The last statement confounded Theresa. “What do you mean?” she asked.

“The streets are lined with lanterns that burn all hours of the night so life, life my dear never has to stop.”

“It sounds amazing,” Theresa said with a hint of sadness in her voice.

“I’d love to show you the best of all it,” James said with a suggestive smirk.

“I would like that,” Theresa said her cheeks once again turning a fiery red.

“Why not today? Suggested the dashing James.

Theresa was stunned. “Today? Oh, I couldn't possibly,” she stammered.

“Why not?” asked James.

“I really should be getting back home and besides your moto--I mean auto appears to be broken.”

The engine spat a puff of black smoke, and the servant jumped away, though not in time to prevent the soot from coloring his cheeks and forehead. The machine jolted back to life.

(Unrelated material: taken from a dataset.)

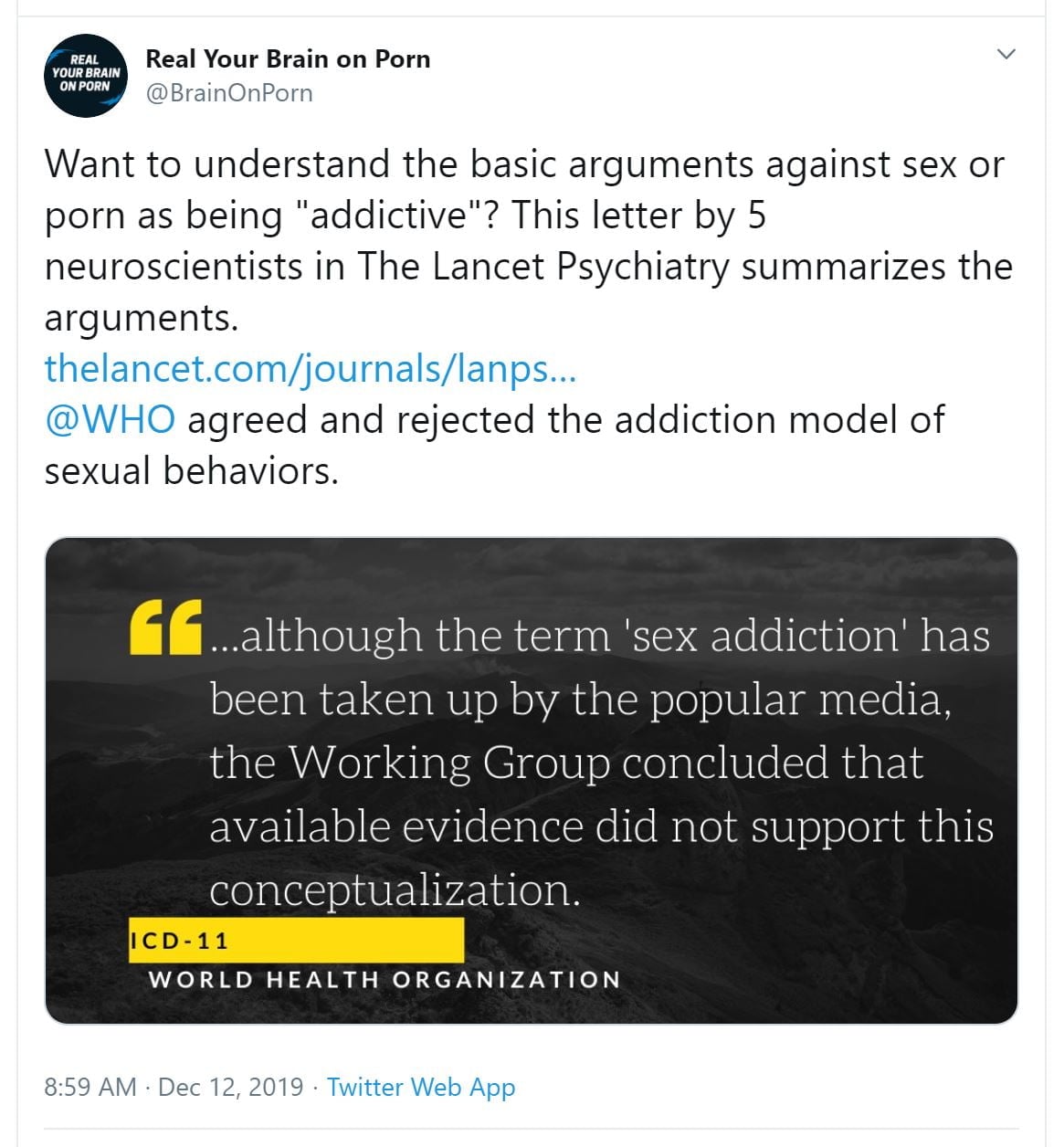 The fact is, the deniers are out of step with the experts who drafted the world’s most widely used medical diagnostic manual, The International Classification of Diseases (ICD-11). The porn industry is well served by a group of purported “experts” who boldly misrepresent the balance of existing research and ignore the preponderance of the research. The latter undercuts the new site’s agenda by pointing to measurable harms associated with porn overuse.

“Oh, well that solves one problem,” James smirked.

Theresa threw caution to the wind and decided to accompany the handsome Westerfield on a day trip to the capital. She sat up front alongside him, and the servant rode in the back quietly gazing at the passing scenery.  As they drove out of the forests leaving behind the familiar barrier of woods and the covering canopy of leaves Theresa felt her stomach tighten and the whole adventure started to seem like a tremendously bad idea. Why did she agree to this in the first place? She wasn’t entirely sure, but something deep inside her compelled her to follow him.  Now her mind was conjuring up all the potential consequences of her reckless actions.

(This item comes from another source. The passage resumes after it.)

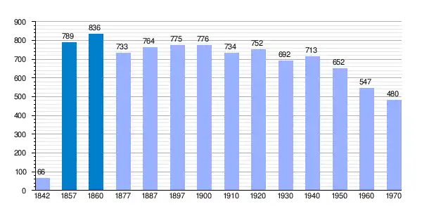 Gráfica de evolución demográfica de Pallargas[3]​ entre 1842 y 1970

Seeming to sense the lady’s gathering anxiety James reached for her hand and gave it a gentle squeeze. At first, Theresa felt a sense of shock from a man’s touch, but the indignation was quickly washed over by excitement, and she squeezed back.

Theresa had never seen a modern paved road before. She marveled at just how smooth it was, how the spinning wheels didn’t kick up a cloud of dirt the way they had driving on the back-roads in the woods. On the first leg of the journey they only saw the occasional leisurely drivers but as they came closer to the city limits more and more began to appear. Some of them were quite a bit larger than the one she was riding in. They rumbled by carrying loads of passengers and goods on their backs like mechanical beasts of burden.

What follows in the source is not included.